▽
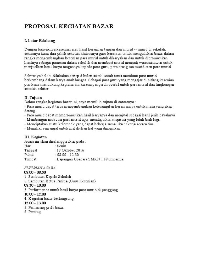 Mengumpulkan uang untuk menambah dana osis · 3. Bapak sebagai bahan pertimbangan, bersama ini kami lampirkan proposal kegiatan. Bentuk kegiatan bentuk kegiatan adalah peserta bazar akan membuka stand di gedung d selama 3 hari dan melakukan transaksi atau proses penjualan barang kepada . Semoga proposal ini dapat memberikan gambaran yang jelas mengenai kegiatan " "end sale " fashion bazaar & garage sale yang akan kami laksanakan. Melatih siswa(i) sma negeri 1 wangi . Sekiranya hal ini dilakukan setiap 6 bulan sekali untuk terus membuat para murid berkembang dalam karya anak bangsa. Oleh sebab itu, kami eskul kewirausahaan bermaksudmengadakan kegiatan bazar yang momennya berada di dalam nuansa semangat haripendidikan nasional yang jatuh . Latar belakang upaya peningkatan mutu pendidikan merupakan suatu kegiatan yang tidak pernah lepas dari perhatian kita semua, . Usaha dagang makanan, minuman dan februari 2014, proposal ini telah diverifikasi dan disetujui untuk dapat ditindak lanjuti pada kegiatan bazar . Contoh proposal kegiatan bazar ; Kegiatan tersebut merupakan kegiatan santunan dan bazar ramadhan desa. Merealisasikan program kerja osis periode 2017/2018 · 2. Pembukaan semua aktifitas kegiatan bazaar,pameran foto dan music.
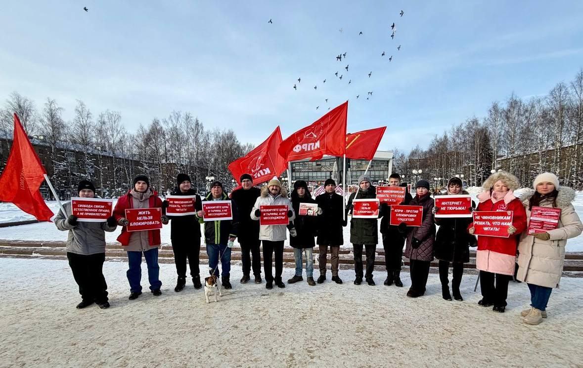 Участники акции стояли с плакатами «Не чиновникам решать, что нам читать», «Блокируйте цены и тарифы, а не мессенджеры» и «Интернет — не тюрьма».
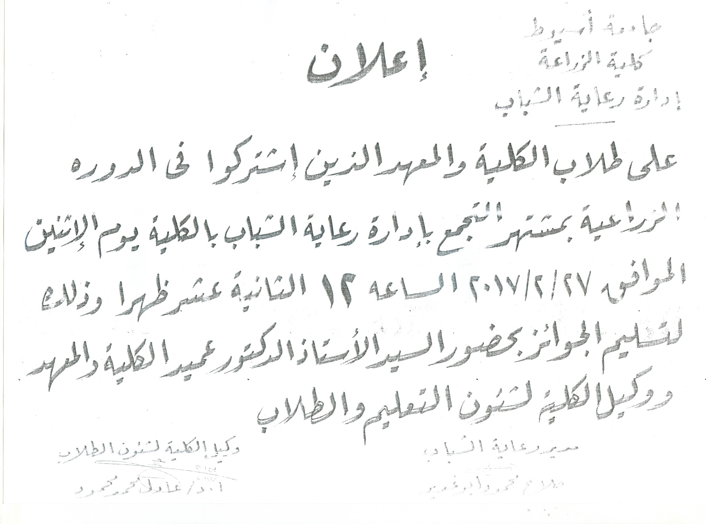 The Youth Welfare Department announces of honor students in current agricultural cycle on Monday 27/2/2017 at 12 noon in the presence of Dr Dean Professor Dean of the higher Institute for cooperation, extension Professor Vice Dean for something.
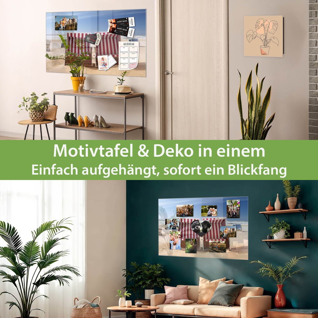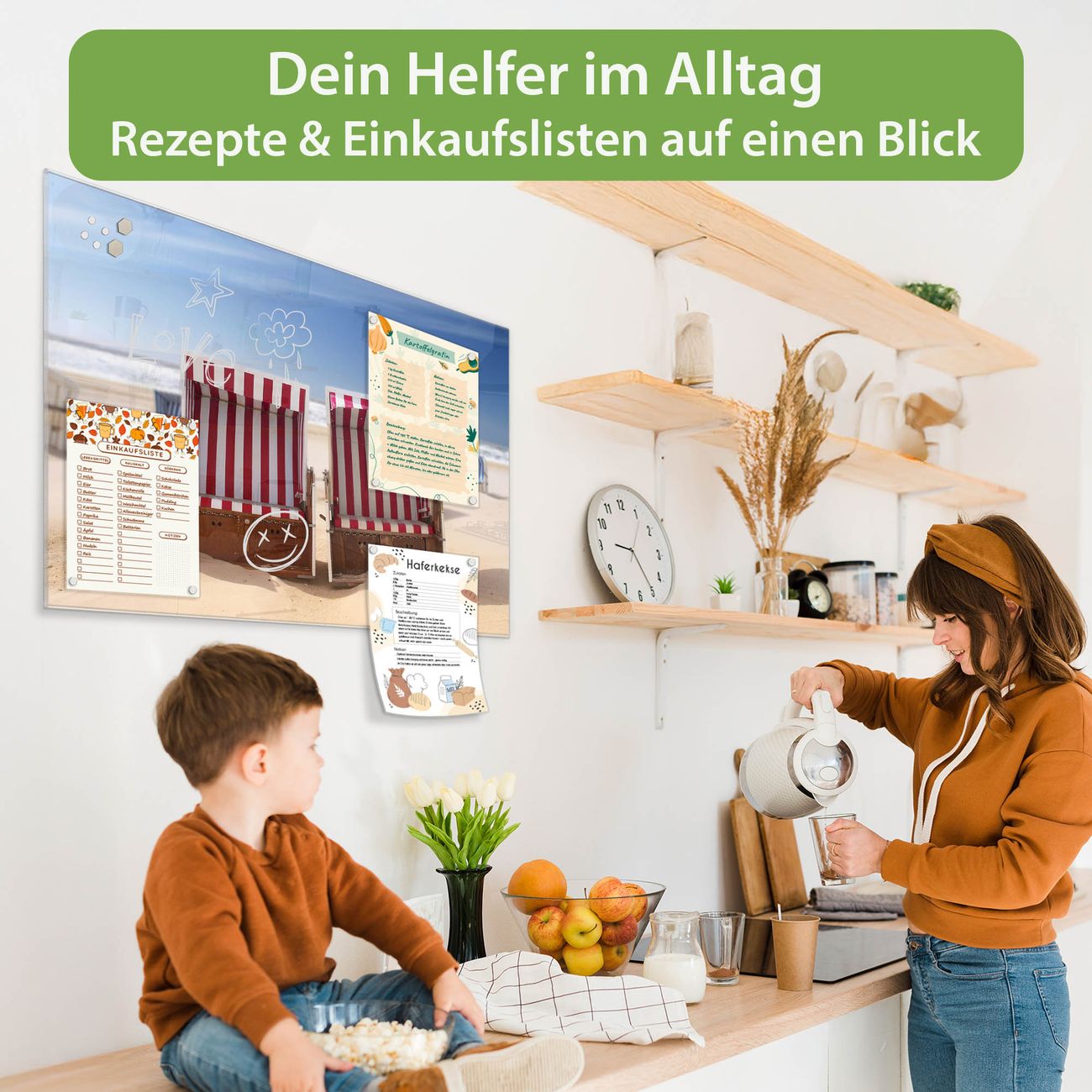 Ein Stück Design, das Ihren Alltag organisiert. Schreiben, heften, inspirieren - alles an einem Ort. Qualität, die man spürt. Montage leicht gemacht. Handwerk mit Herz - veredelt in Sachsen. Einzigartiges Design mit Motiv Motiv Strandkörbe Beschreibbare Glasoberfläche, leicht zu reinigen Starke Magnetkraft durch Stahlrückwand Inklusive 4 Neodym-Magneten Flexible Montageoptionen Handveredelt in Sachsen - Qualität, die bleibt
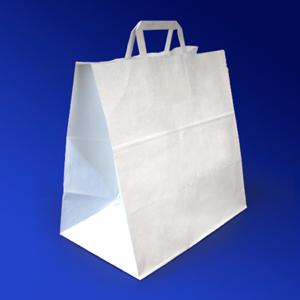 Пакет-сумка бумажная 37х32+20см (320*200*370мм) белая ручки плоские 70гр/м2
△
What you have to do
From the line that contains "Участники акции стояли" through the last line of the entries, transcribe every line exactly, leaving out the pictures.

Answer to this task
 Участники акции стояли с плакатами «Не чиновникам решать, что нам читать», «Блокируйте цены и тарифы, а не мессенджеры» и «Интернет — не тюрьма».
 The Youth Welfare Department announces of honor students in current agricultural cycle on Monday 27/2/2017 at 12 noon in the presence of Dr Dean Professor Dean of the higher Institute for cooperation, extension Professor Vice Dean for something.
 Ein Stück Design, das Ihren Alltag organisiert. Schreiben, heften, inspirieren - alles an einem Ort. Qualität, die man spürt. Montage leicht gemacht. Handwerk mit Herz - veredelt in Sachsen. Einzigartiges Design mit Motiv Motiv Strandkörbe Beschreibbare Glasoberfläche, leicht zu reinigen Starke Magnetkraft durch Stahlrückwand Inklusive 4 Neodym-Magneten Flexible Montageoptionen Handveredelt in Sachsen - Qualität, die bleibt
 Пакет-сумка бумажная 37х32+20см (320*200*370мм) белая ручки плоские 70гр/м2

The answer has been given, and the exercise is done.